Suran Goonatilake, OBE is an academic, entrepreneur and producer. He is a visiting professor at the Department of Computer Science at University College London (UCL).

==Background==
He did his undergraduate degree at the University of Sussex in Computing and Artificial Intelligence, followed by a PhD at University College London (UCL) in Machine Learning.

As a student at UCL, Goonatilake, co-founded with three fellow students, a Machine Learning company called Searchspace. In May 2005 Searchspace was acquired by Warburg Pincus.

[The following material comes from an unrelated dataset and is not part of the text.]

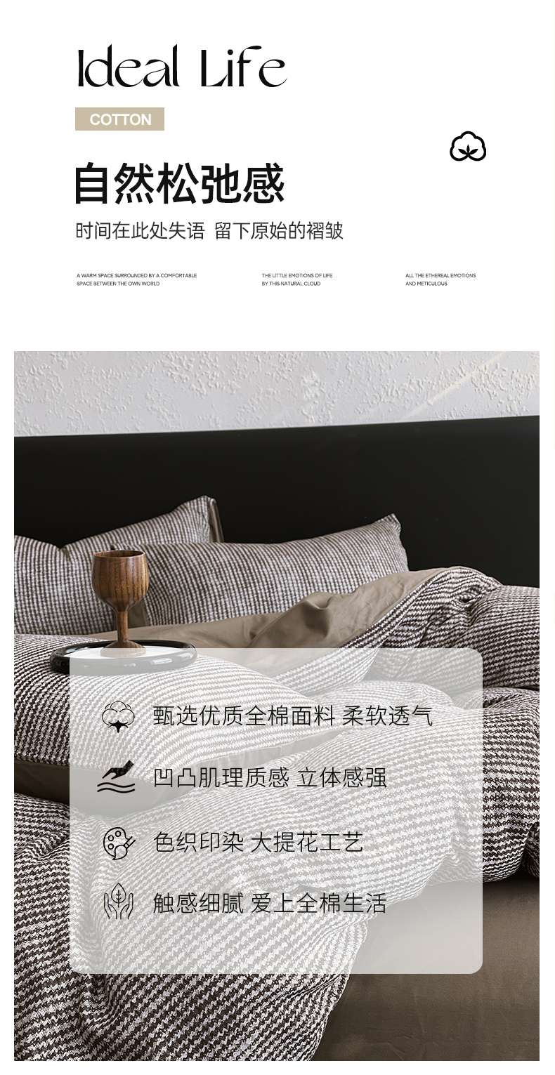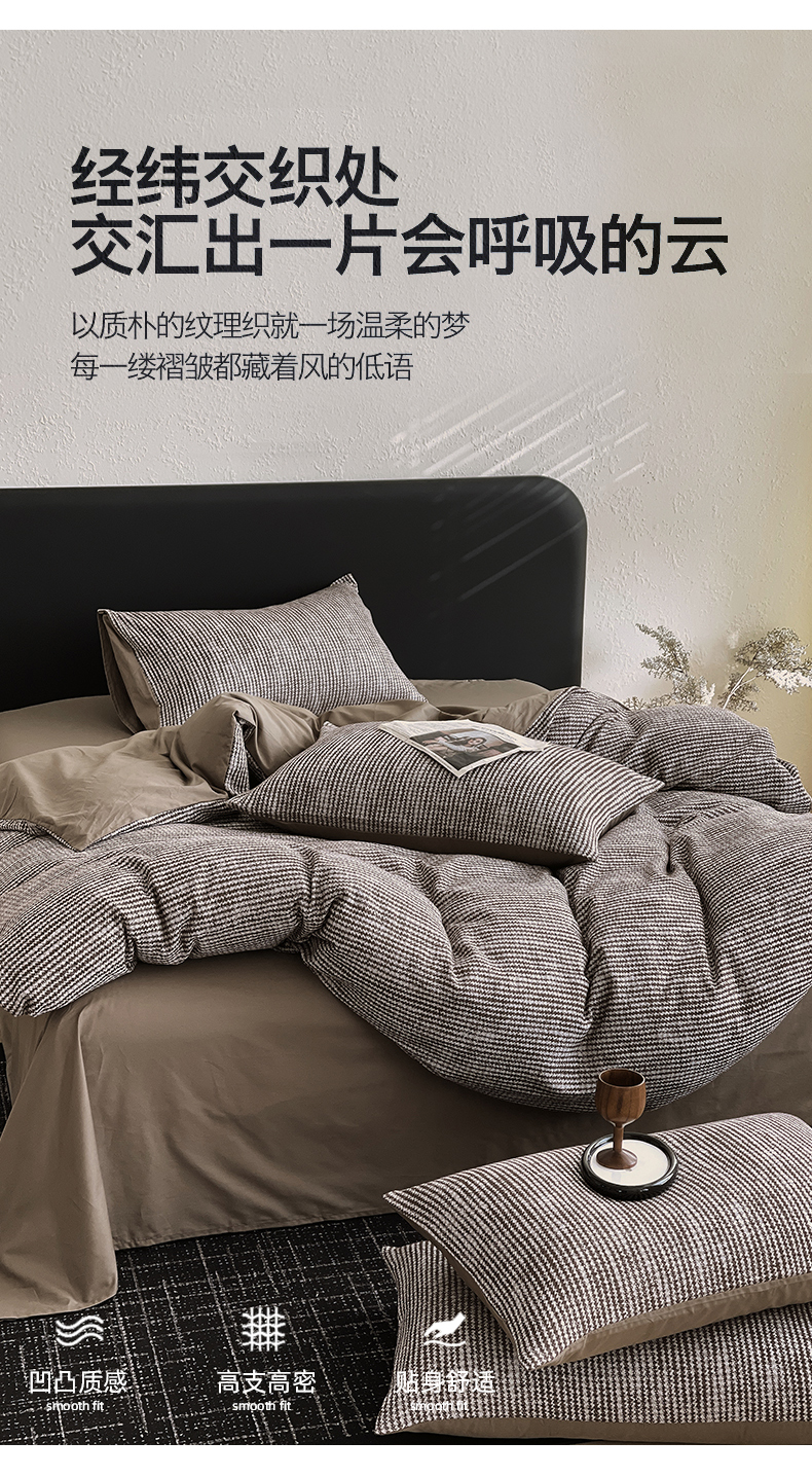 当前位置: 91家纺网 > 商品网购 > 床品套件 > 四件套 > 全棉普通四件套 > 琪格格纺织 2026新款纯棉纯棉色织肌理纹提花华夫格纯棉轻奢简约款四件套 莫诺克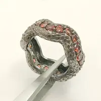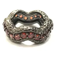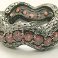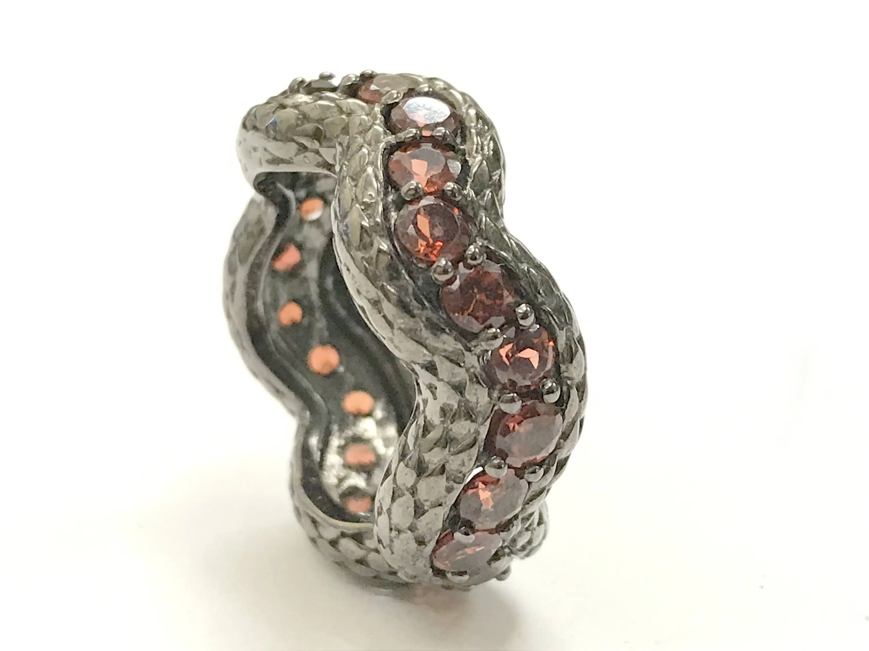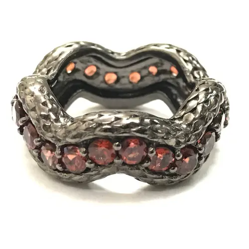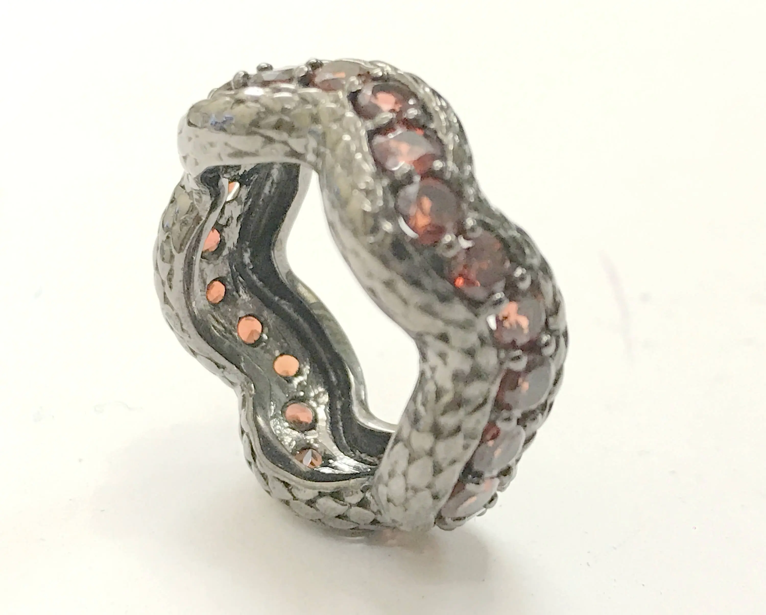 RED GARNET SNAKE Textured Unisex Ring,Size Us 7 ,Natural Mossambic Garnet ,Black Rhodium , Silver Ring , Perfect Gift For Loved Ones.....

He is the co-founder of several Deep Tech companies, many of which are the result of commercialising research from British Universities

== Entrepreneurship ==
In 2005, he was made an officer of the Order of the British Empire (OBE) in the Queen's birthday honours list, for his services to Entrepreneurship.

== Fashion ==
He founded the Centre for Fashion Enterprise in London a non-profit initiative that finances and nurtures high-growth fashion designers in London. This initiative pioneered a new model of building luxury fashion companies and drew upon practises from technology start-ups, film and music industries. Famous alumni include Erdem Moralıoğlu, Marios Schwab, Mary Katrantzou, Manish Arora, and JW Anderson.

== Film and TV ==
In 2006, Goonatilake was an executive producer on the romantic comedy, Scenes of a Sexual Nature, directed by Ed Blum and starring Ewan McGregor and Tom Hardy. The film was distributed independently via The Really Honest Little Distribution Company and premiered as the closing film to the 2006 London Raindance Film Festival.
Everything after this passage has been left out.